··· Data to use ···
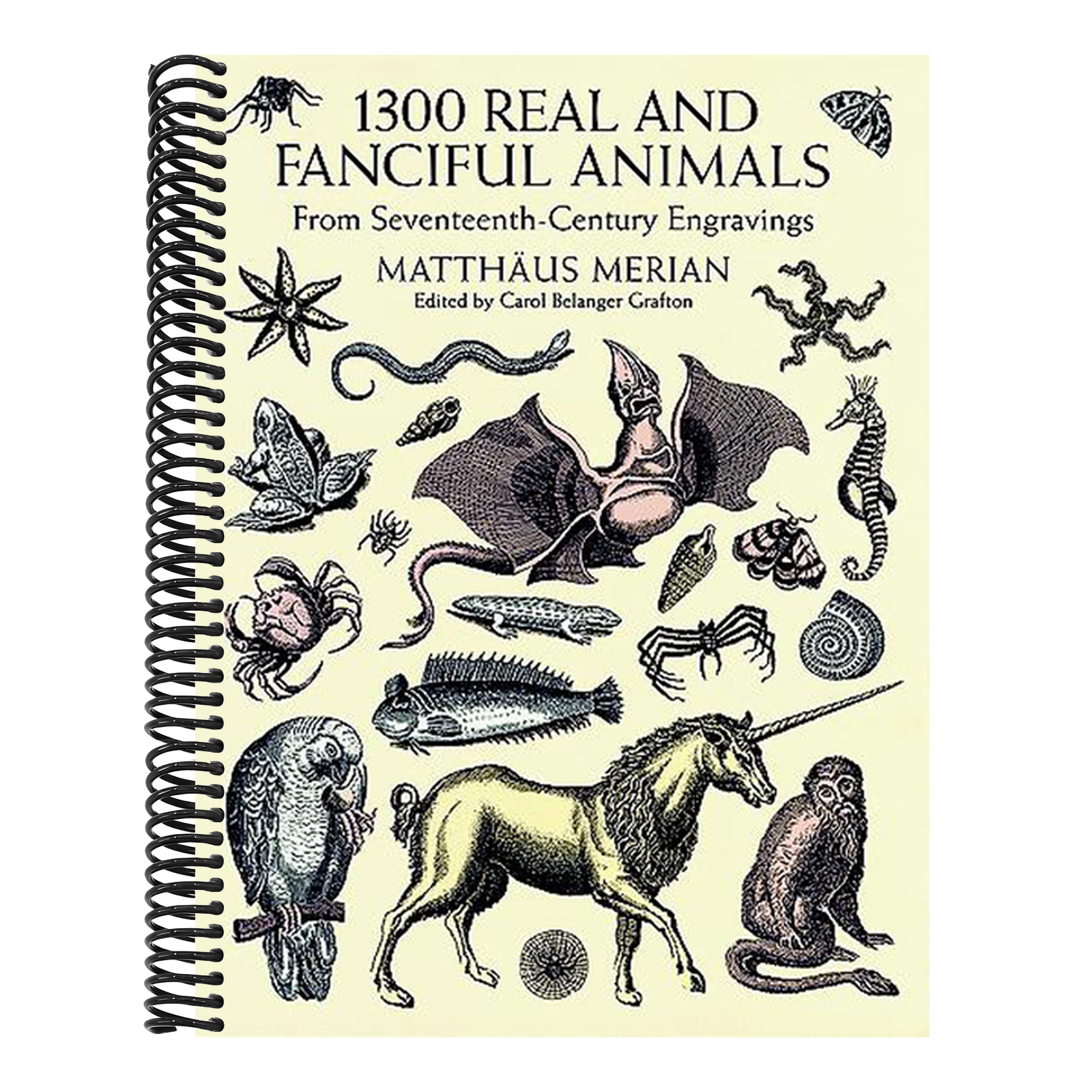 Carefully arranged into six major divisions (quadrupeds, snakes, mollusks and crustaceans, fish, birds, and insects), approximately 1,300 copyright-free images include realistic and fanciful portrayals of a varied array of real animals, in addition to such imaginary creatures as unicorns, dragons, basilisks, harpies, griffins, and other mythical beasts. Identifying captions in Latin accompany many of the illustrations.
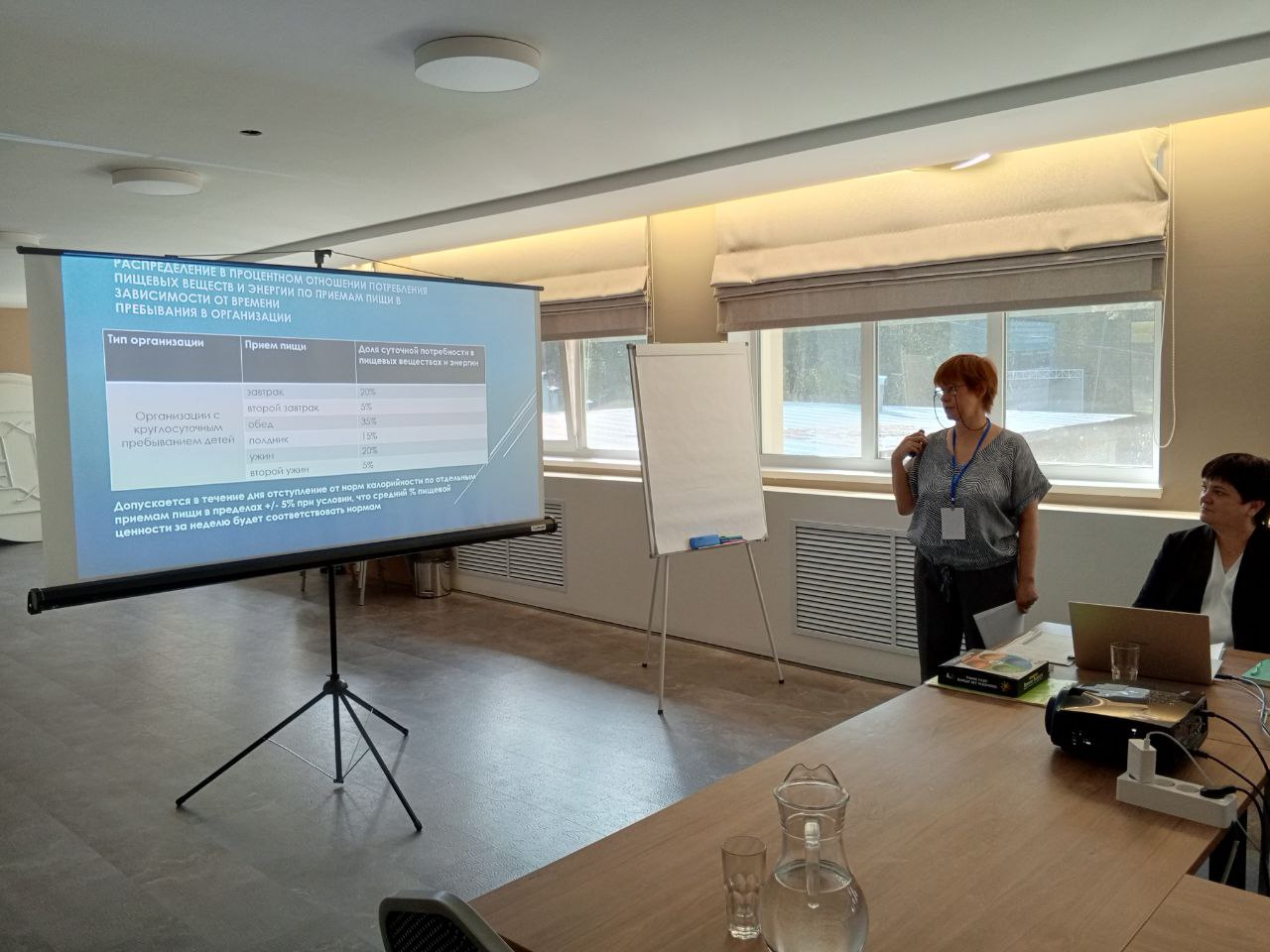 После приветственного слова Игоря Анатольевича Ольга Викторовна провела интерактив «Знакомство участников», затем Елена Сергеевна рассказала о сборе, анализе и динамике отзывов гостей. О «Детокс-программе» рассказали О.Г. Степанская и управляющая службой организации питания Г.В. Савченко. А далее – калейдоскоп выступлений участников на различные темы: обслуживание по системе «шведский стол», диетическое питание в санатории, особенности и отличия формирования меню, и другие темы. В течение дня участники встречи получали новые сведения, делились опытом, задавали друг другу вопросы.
···
··· Data to use ···
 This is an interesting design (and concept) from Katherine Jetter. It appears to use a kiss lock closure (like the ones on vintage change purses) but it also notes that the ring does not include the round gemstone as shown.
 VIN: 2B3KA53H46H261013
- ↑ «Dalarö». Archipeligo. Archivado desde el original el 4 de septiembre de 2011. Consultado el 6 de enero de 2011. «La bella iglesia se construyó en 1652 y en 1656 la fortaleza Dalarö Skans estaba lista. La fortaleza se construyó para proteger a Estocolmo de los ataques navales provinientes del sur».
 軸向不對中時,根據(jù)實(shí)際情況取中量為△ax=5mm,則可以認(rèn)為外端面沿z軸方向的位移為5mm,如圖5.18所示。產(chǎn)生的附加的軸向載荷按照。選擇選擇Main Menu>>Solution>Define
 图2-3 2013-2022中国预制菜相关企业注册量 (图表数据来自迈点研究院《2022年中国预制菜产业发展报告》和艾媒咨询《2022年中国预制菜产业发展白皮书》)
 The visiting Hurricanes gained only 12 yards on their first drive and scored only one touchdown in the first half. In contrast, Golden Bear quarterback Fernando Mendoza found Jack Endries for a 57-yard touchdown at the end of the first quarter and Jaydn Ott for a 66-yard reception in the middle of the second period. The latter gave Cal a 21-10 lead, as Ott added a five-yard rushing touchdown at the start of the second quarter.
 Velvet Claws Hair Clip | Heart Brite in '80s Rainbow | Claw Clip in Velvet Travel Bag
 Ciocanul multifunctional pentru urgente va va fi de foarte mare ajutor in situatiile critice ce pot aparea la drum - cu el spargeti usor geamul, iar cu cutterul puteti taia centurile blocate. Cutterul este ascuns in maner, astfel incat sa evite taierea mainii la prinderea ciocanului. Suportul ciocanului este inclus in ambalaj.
···
**What needs to be done**
Would you print, exactly as written, every line above from the one holding "Velvet Claws Hair" through the one holding "Ciocanul multifunctional pentru", with both included and no other lines?

**Solution to this task**
 Velvet Claws Hair Clip | Heart Brite in '80s Rainbow | Claw Clip in Velvet Travel Bag
 Ciocanul multifunctional pentru urgente va va fi de foarte mare ajutor in situatiile critice ce pot aparea la drum - cu el spargeti usor geamul, iar cu cutterul puteti taia centurile blocate. Cutterul este ascuns in maner, astfel incat sa evite taierea mainii la prinderea ciocanului. Suportul ciocanului este inclus in ambalaj.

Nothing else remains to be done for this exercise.